Defining Vulnerability: Cross-Sectoral, Based on Income, Regional?
After the talk about NDCs was finalized, the discussion shifted towards defining vulnerability. Kwabena A. Anaman, a professor at the University of Ghana at the Department of Agricultural Economics and Agribusiness, explained that one of the industries which is both particularly vulnerable and contributes to CO2 emissions is agriculture. However, he also emphasized that vulnerable populations are not from one and the same industry. Instead, they might have to be classified by income levels. As Herbert Mwalukomo, the executive director at the Centre for Environmental Policy and Advocacy (CEPA), illustrated, the latter might be particularly important in relation to promoting a just transition in Malawi.
Since Malawi was described as a land-locked country, which is largely dependent on agriculture and reliant on wood fuel for cooking, its vulnerable populations can be found across various sectors. Despite that Mwalukomo also highlighted Malawi’s potential, especially linked with hydropower making up 80% of its energy mix, the country thus needs support to realize a just transition, which supports the most basic needs of its citizens. As the Malawi scenario proves, promoting a just transition in another region can have significant benefits including for countries, who think that they might be a step ahead in the energy transition.

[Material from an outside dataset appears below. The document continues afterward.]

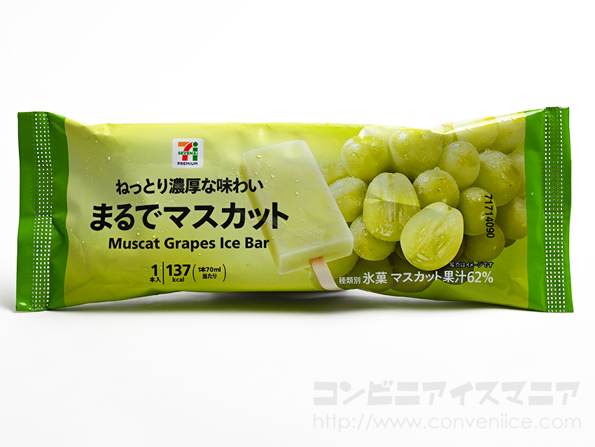 【アイスレビュー】セブン-イレブン数量限定!セブンプレミアム『まるでマスカット』。外側は、やらわかいアイスキャンディー、内側は濃厚でねっとりとしたジェラート食感。マスカット果汁を62%使用した果汁感溢れるフルーツアイスバー。数量限定なのでお見逃しなく! bit.ly/2S8Bq1e

Learning from the strengths (i.e. less CO2 emissions and experienced with renewables) and the weaknesses (i.e. relying on coal and diesel generators in some regions, unequal access to energy, vulnerable to adverse climate conditions) of African countries could drive research and development and increase Europe’s ability to deal with increased climate risks. In other words, both developed and developing countries have to contribute their share to foster a just energy transition across the globe. As Ron Teng argued, in Kenya, there is yet a need for sufficient and profound policy changes with regard to the deployment of organic fertilizer. Similar to Sri Lanka, Teng suggests, Kenya should strictly forbid the usage of toxic chemicals and pesticides.

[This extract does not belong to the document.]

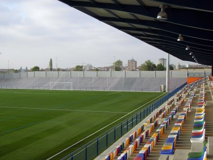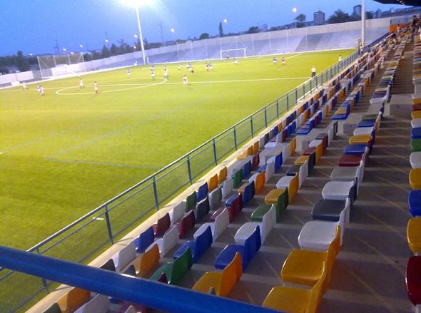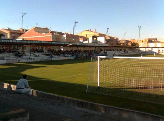 Los Olmos is a sports complex and park area located to the north of the town, featuring an athletics track, tennis courts, basketball courts, and a BMX track. The football stadium features a full-length, raised cantilevered stand with a capacity of 1,250, of which 1,032 are seated. Beneath the seating deck lie the changing facilities, a gym and a media room. Raised banks behind both goals allow scope for the capacity to be raised to 5,000. The stadium cost the local council €2.4 million, an impressive investment for a town with a population of just 10,000. The stadium has yet to rekindle any of the spirit that El Segalar had in abundance when CD Binéfar ruffled feathers back in the old days of Segunda B.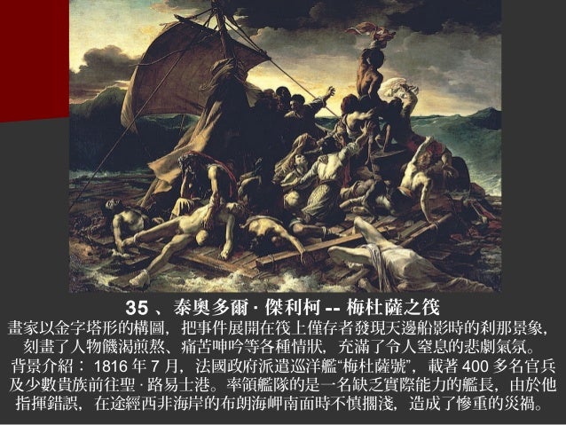 41. 41. 35 、泰奧多爾 · 傑利柯 -- 梅杜薩之筏 畫家以金字塔形的構圖,把事件展開在筏上僅存者發現天邊船影時的刹那景象, 刻畫了人物饑渴煎熬、痛苦呻吟等各種情狀,充滿了令人窒息的悲劇氣氛。 背景介紹: 1816 年 7 月,法國政府派遣巡洋艦“梅杜薩號”,載著 400 多名官兵 及少數貴族前往聖 · 路易士港。率領艦隊的是一名缺乏實際能力的艦長,由於他 指揮錯誤,在途經西非海岸的布朗海岬南面時不慎擱淺,造成了慘重的災禍。

Close to the end of the session, Gareth Philips, the Chief Climate Change and Green Officer in the AfDB Environment and Climate Change Division, remarked that what the AfDB would like to see is not a low-carbon just transition, but a low-carbon and climate-resilient just transition. As Philips continued, particularly, because African countries face issues in relation with climate resilience and adaptation, while their emissions are comparatively low compared to other regions, the AfDB wants to ensure that the cost and the benefits of this transition are divided equally across the population.